You Have Died of Dysentery:

The Making of the Oregon Trail


At the top of my list of people to acknowledge are my three MECC colleagues – Shirley Keran, John Krenz, and Charolyn Kapplinger – who together with me formed the core team for the creation of the 1985 Apple II version of The Oregon Trail. All four of us were on the project team from the beginning to the end – nearly a year – and we all poured a lot of effort into the product. The collaborative contributions of Shirley, John, and Charolyn all had a huge impact on what became the most famous educational software product of the 1980s – and by some measures the most famous educational software product of all time. I am honored to have worked with these creative colleagues throughout the project.
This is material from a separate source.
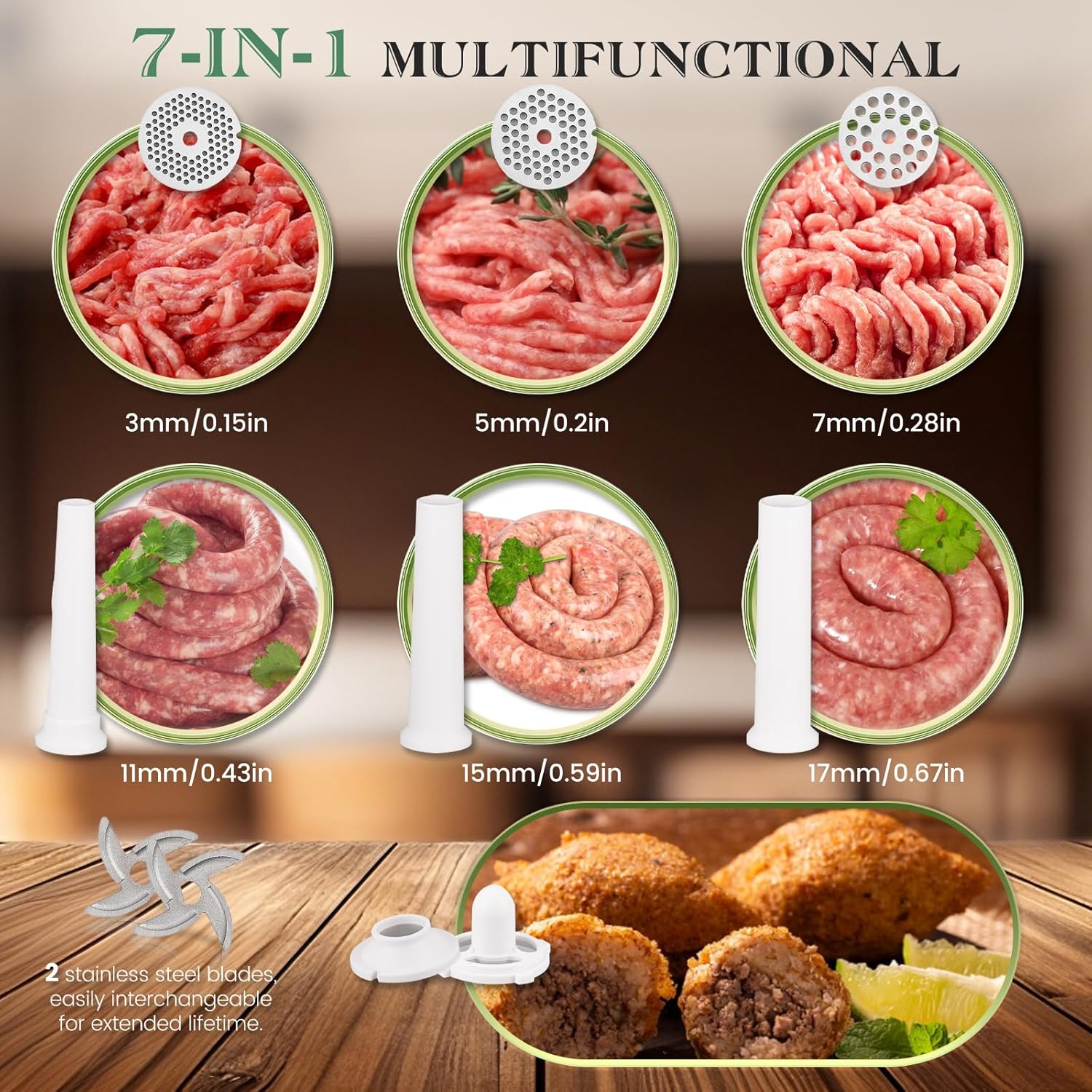 - [Versatile meat grinder] This grinder comes with three stainless steel plates (3mm, 5mm, 7mm) for adjustable textures, plus a sausage tube kit and Kubbe kit for making homemade sausages and Kubbe. Equipped with two stainless steel cross blades for added durability and long-term use

At various stages in the project, the team also included four other key members whose contributions were essential to the product – Bill Way, Roger Shimada, Bob Granvin, and Steve Splinter. I greatly appreciate the ideas and the hard work contributed by each of these colleagues. I am especially grateful for Bill’s invention of the most famous Oregon Trail meme – the animation of an ox pulling a covered wagon – which become the central component of the main screen of the game.

I would also like to acknowledge the two members of MECC’s management team – Kent Kehrberg and Craig Copley – who entrusted MECC’s most important asset to me. They gave me the freedom to reinvent and rebuild the product from the ground up, trusting that I would do it right. They did not flinch when I threw out half of the features of the original OREGON and created a new product in which 90% of the features were completely new. I am happy to have rewarded their trust with a product that met or exceeded all expectations (except that I ran over budget!).

And of course, I want to acknowledge and thank Don Rawitsch who, with his colleagues Paul Dillenberger and Bill Heinemann, invented the original text-only timeshare version of OREGON back in 1971. Furthermore, Don’s work in 1975, when he refined the game and made it available on MECC’s timeshare system, was perhaps the most important milestone in the entire history of the game.

As for the creation of this book, my principal acknowledgement goes to my daughter Nicole Bouchard. Without her encouragement and assistance, this book would never have been completed. When I completed Draft 1, I was so disappointed in it that I put it aside for a year. Nicole encouraged me to try again, and helped me brainstorm a different way of approaching the content. So I completely rewrote the book, resulting in Draft 2. This draft was much better, but still not good enough. After studying this second version of the book, Nicole proposed another shift in focus, and even prepared a complete new outline to provide me with some inspiration. Using her outline as my starting point, I completely rewrote the book one more time – and then I finally felt that the book was good enough for editing and publication.

I would very much like to thank all of the other people who have encouraged me or read drafts of the book. In particular, I would like to thank Marsha Rooks, the very first person to read Draft 3, whose encouragement and helpful suggestions have been highly appreciated.

And finally, I would like to heartily thank all my colleagues during the past 30+ years who were genuinely excited to work with me. Several of these people expressed pride to be working with the person who had led the design of the best-known version of The Oregon Trail. Dear friends – your enthusiasm has always meant a lot to me!